Ongoing load shedding, a further 50 basis-points hike in interest rates and inflation remaining sticky (especially food price inflation) were all factors that were holding the economy at ransom.

Early indications suggest economic growth stagnated in quarter one, with the BETI signalling the strong possibility of a negative quarterly growth rate in quarter one 2023. The March BETI was 1.7% lower than in the quarter ending December 2022.
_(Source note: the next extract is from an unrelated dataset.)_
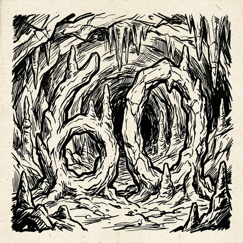 A cave interior revealing a unique and natural configuration of stalagmites. They are arranged organically yet remarkably they come together to form the number '60'. Imagine it as a simplistic but striking graphic design, achieved through the use of bold and strong lines that mimic the look and feel of ink on paper.

The standardised nominal value of transactions that cleared through BankservAfrica in March was R1.19 trillion compared to February’s R1.17 trl, while the number of transactions increased notably from 133 million in February to an all-time high of 149 million in March 2023, a monthly increase of 12.1%, according to Naidoo.

Independent economist Elize Kruger said it was becoming increasingly clear that the weakness in the economy had become quite broad-based with most sectors under severe pressure.

Kruger said the ongoing moderation in the BETI, after only two months of marginal improvement in December last year and January this year, confirmed that the environment remained challenging and that the economy remained in a ‘muddle-along-little-thriving’ narrative. “While actions were recently taken and projects have been announced in the energy and transport sectors of the economy, South Africans should prepare themselves for ‘more of the same’ for longer than hoped for,” she said.

Investec economist Annabel Bishop said household finances were under pressure, with salaries weakening in both real and nominal terms and confidence was low.

“Early consumer data for February shows that the BankservAfrica Take-home Pay Index, or BTPI, continues to contract on the year, by -1.8% y/y in February in nominal terms (to R15 186 monthly) and -8.3% y/y in real terms (R14 225).

“The actual number of salaries, as opposed to the rand value, fell on a monthly basis in December and January but BankservAfrica says ‘less than a thousand jobs were created in February’, as ‘the job market stabilised’.

“The fall in annual salaries, both in nominal (or actual), and real (or inflation adjusted terms) should be viewed against the difficult environment businesses face in South Africa’s high operating cost environment, due not least from electricity load shedding,” she said.

Bishop added that companies were also operating in a high interest rate environment, the highest in 14 years, which was adding to the restrictive conditions, while economic demand is subdued, and inflation was still high historically for South Africa, near 2009 highs.